In this study, we evaluated the effect of quercetin with memantine on the reversal of neurotoxicity induced by AlCl₃ in albino Wistar rats.

2. Results

2.1. Behavioral Assessment

2.1.1. Actophotometer

It was observed that the locomotor activity was significantly decreased in the disease control group treated with AlCl₃ when compared to the normal control group. An administration of quercetin with memantine at a dose of 20 + 25 and 20 + 50 mg/kg significantly improved locomotor activity on day 21 and day 42 (p < 0.001) when compared with the disease control group. The administration of quercetin with memantine at a dose of 20 + 25 mg/kg showed improvement on day 21 (p < 0.05) and day 42 (p < 0.001) when compared with the memantine treatment group. The group treated with 20 + 50 mg/kg showed significant improvement in locomotor activity on both days 21 and 42 at a significance level of p < 0.001 when compared with the group treated with memantine (Figure 1).

2.1.2. Morris Water Maze (MWM)

In the Morris water maze test, a significant increase (p < 0.001) in escape latency was seen in the AlCl₃-treated group when compared with the normal control group on days 21 and 42. The administration of quercetin with memantine at a dose of 20 + 25 mg/kg significantly decreased escape latency on day 21 (p < 0.01) and day 42 (p < 0.001) when compared with the disease control group. Moreover, a dose of 20 + 50 mg/kg quercetin with memantine significantly decreased (p < 0.001) escape latency on both days 21 and 42. Further, at this dose, an improvement in the retention performance of the spatial navigation task was also observed at a significance level of p < 0.05 on day 42 when compared with the group treated with memantine alone (Figure 2).

2.1.3. Elevated Plus Maze (EPM)

In the elevated plus maze test, a significant increase in transfer latency on day 21 and day 42 has been seen in the AlCl₃-treated group when compared to the normal control group. Further, administration of quercetin with memantine at a dose of 20 + 25 mg/kg significantly decreased transfer latency on day 21 (p < 0.01) and day 42 (p < 0.001) when compared with the disease control group. Moreover, quercetin with memantine at a dose of 20 + 50 mg/kg significantly (p < 0.001) decreased the escape latency on both days 21 and 42. On day 42, significant decrease in transfer latency was observed in quercetin with memantine treated group (20 + 25 mg/kg, p < 0.05) when compared with the memantine-treatment group (Figure 3).

2.1.4. Passive Avoidance (PA)

In the passive avoidance test, the escape latency (EL) was measured on day 20, and the retention latency (RL) was measured on the 21st and 42nd days, respectively.

A significant decrease in retention latency was observed in AlCl_3-treated group when compared to the normal control group on both days 21 and 42. The animals treated with memantine 20 mg/kg and quercetin 50 mg/kg showed significant increase in retention latency on day 42 (p < 0.01); however, administration of quercetin with memantine at a dose of 20 + 25 and 20 + 50 mg/kg showed significant improvement in retention latency on day 42 (p < 0.001). Further, treatment with 20 + 50 mg/kg dose showed significant improvement in retention latency (p < 0.05) when compared with the memantine-treatment group (Figure 4).
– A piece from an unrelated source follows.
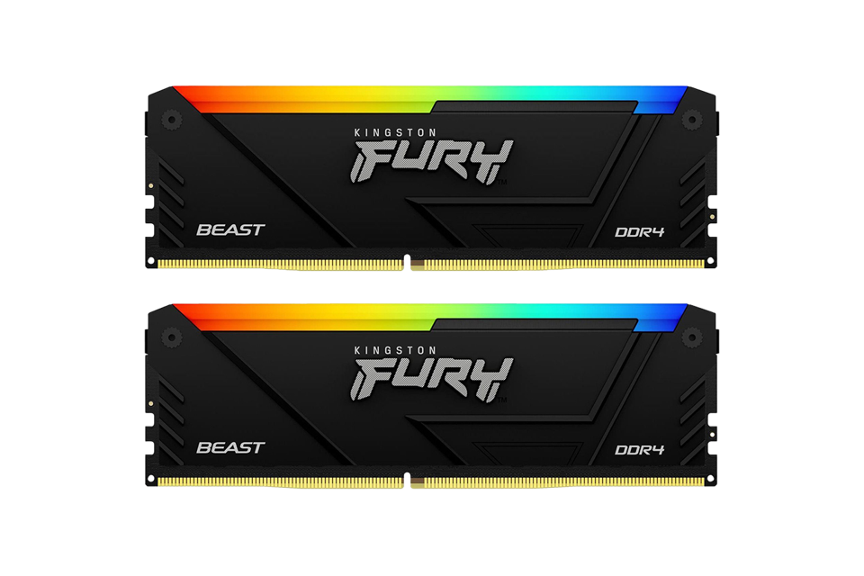 Память оперативная/ Kingston 32GB 3200MT/s DDR4 CL16 DIMM (Kit of 2) 1Gx8 FURY Beast RGB (Select Regions ONLY)

2.2. Oxidative Stress Parameters

2.2.1. Assessment of Oxidative Stress Parameters in Cortex

The AlCl_3-treated group showed a significant increase in MDA levels (p < 0.001) and a significant decrease in levels of SOD, CAT, and GSH (p < 0.001) in the cortex when compared with normal control group. MDA levels were significantly reduced in the animals treated with quercetin with memantine at a dose of 20 + 25 mg/kg and 20 + 50 mg/kg (p < 0.001) when compared with the disease control group.
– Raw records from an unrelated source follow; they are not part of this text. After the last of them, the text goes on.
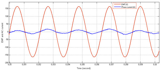 The main parameters concerning DC capacitor, PMM inductance, rated no-load voltage (EMF), switching frequency and sampling time for simulation in Figure 8, Figure 9, Figure 10 and Figure 11 are as follows:
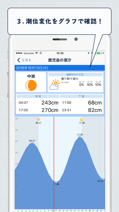 潮の動きをひと目で把握できるタイドグラフで上げ潮や下げ潮のタイミングが一目瞭然。釣りのタイミングを見極めるのに非常に役立ちます。満潮や干潮の時間、日の出や日の入り、天気などさまざまな情報が1つの画面で見られるので便利。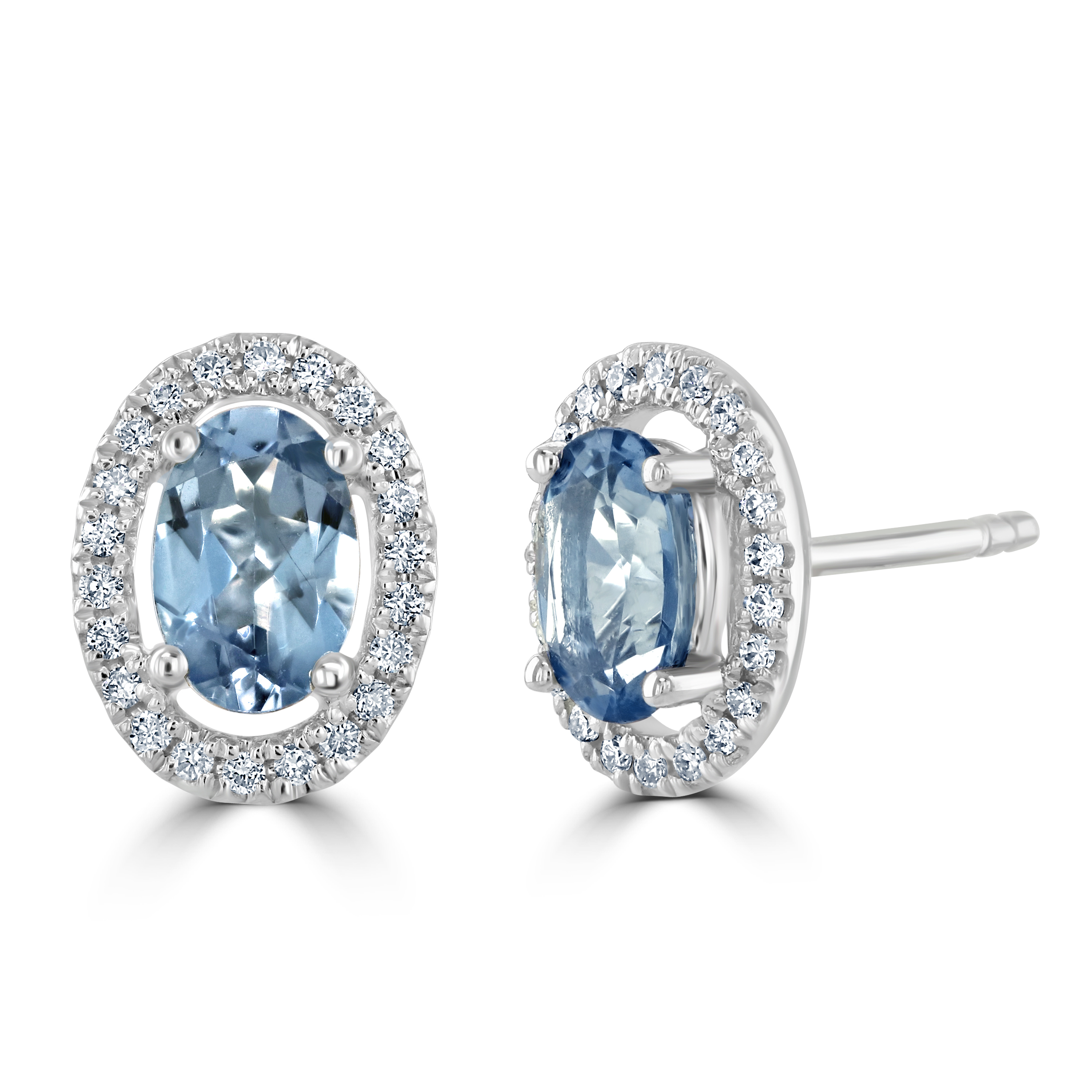 Elegant 18ct white gold stud earrings, each showcasing a mesmerizing oval cut aquamarine, cradled securely in a four claw setting. The aquamarine, with its serene blue hue and total weight of 0.86ct, serves as the centrepiece, radiating a tranquil beauty reminiscent of the ocean's depths. Surrounding each aquamarine are 22 round brilliant cut diamonds, meticulously arranged to form a radiant halo. These diamonds, with a combined total weight of 0.13cts, add a dazzling frame, enhancing the aquamarine's natural allure with their sparkling brilliance. Crafted for both comfort and style, these earrings are fitted with post and butterfly fittings, ensuring a secure and elegant adornment. Whether as a gift for a loved one or a treat for yourself, these aquamarine and diamond stud earrings are a testament to timeless beauty and exquisite craftsmanship.

Quercetin with memantine treatment at a dose of 20 + 50 mg/kg showed significant improvement in CAT and GSH levels (p < 0.001) also in SOD levels (p < 0.01) when compared with disease control group (Table 1).
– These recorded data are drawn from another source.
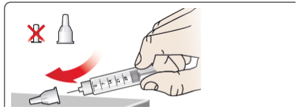 Legemidlet skal ikke overføres til en sprøyte.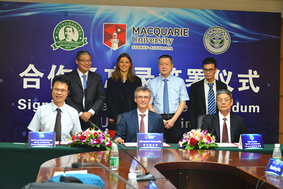 日前,博彩平台推荐孙逸仙纪念医院联合澳大利亚麦考瑞大学、博彩平台推荐新华学院签署三方合作备忘录,标志着我校孙逸仙纪念医院在构建新的国际交流平台,缔结新的国际合作同盟,扩展新的国际合作领域方面再上一个台阶。澳大利亚麦考瑞大学人类科学院执行院长Simon Handley、语言系听力学主任Catherine McMahon、国际事务处副主任范凡,博彩平台推荐新华学院廖振亮副校长,孙逸仙纪念医院副院长林天歆教授和院长助理、耳鼻喉科主任郑亿庆教授,以及孙逸仙纪念医院耳鼻喉科医师和博彩平台推荐新华学院听力与言语科学系老师等出席本次签署仪式。签约仪式由林天歆副院长主持。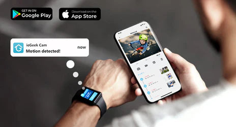 ieGeek Cam APP supports mobile phones/tablets/smart watches/work with Alexa.The smart watch can only receive notifications and access screenshots of alarm events, so as to quickly understand the general situation of the event.

2.2.2. Assessment of Oxidative Stress Parameters in Hippocampus

Animals treated with AlCl₃ showed a significant increase in MDA level (p < 0.001) and a significant decrease in level SOD, CAT, and GSH (p < 0.001) in the hippocampus when compared with normal control animals. MDA levels were reduced in quercetin with memantine treatment at a dose of 20 + 25 mg and 20 + 50 mg/kg (p < 0.001) when compared with the disease control group. The animals treated with 20 + 25 mg/kg significantly improved SOD and GSH levels (p < 0.001) and CAT (p < 0.01) when compared with the disease control group. The dose of 20 + 50 mg/kg treatment also showed significant improvement in SOD, CAT, and GSH levels (p < 0.001) when compared with the disease control group (Table 2).

2.3. Acetylcholinesterase Assay (AChE)

AlCl_3-treated animals showed a significant increase in AChE activity (p < 0.001) in the cortex (Figure 5) and hippocampus (Figure 6) when compared with normal control animals. Treatment with quercetin at a dose of 50 mg/kg and quercetin administered with memantine at a dose of 20 + 50 mg/kg showed significant decrease in AChE activity produced by AlCl₃ treatment (p < 0.01) when compared with disease control animals. Treatment with quercetin with memantine at a dose of 20 + 50 mg/kg showed significantdecrease in AChE activity (p < 0.05) when compared with the memantine-treated group in both the cortex and hippocampus (Figure 5).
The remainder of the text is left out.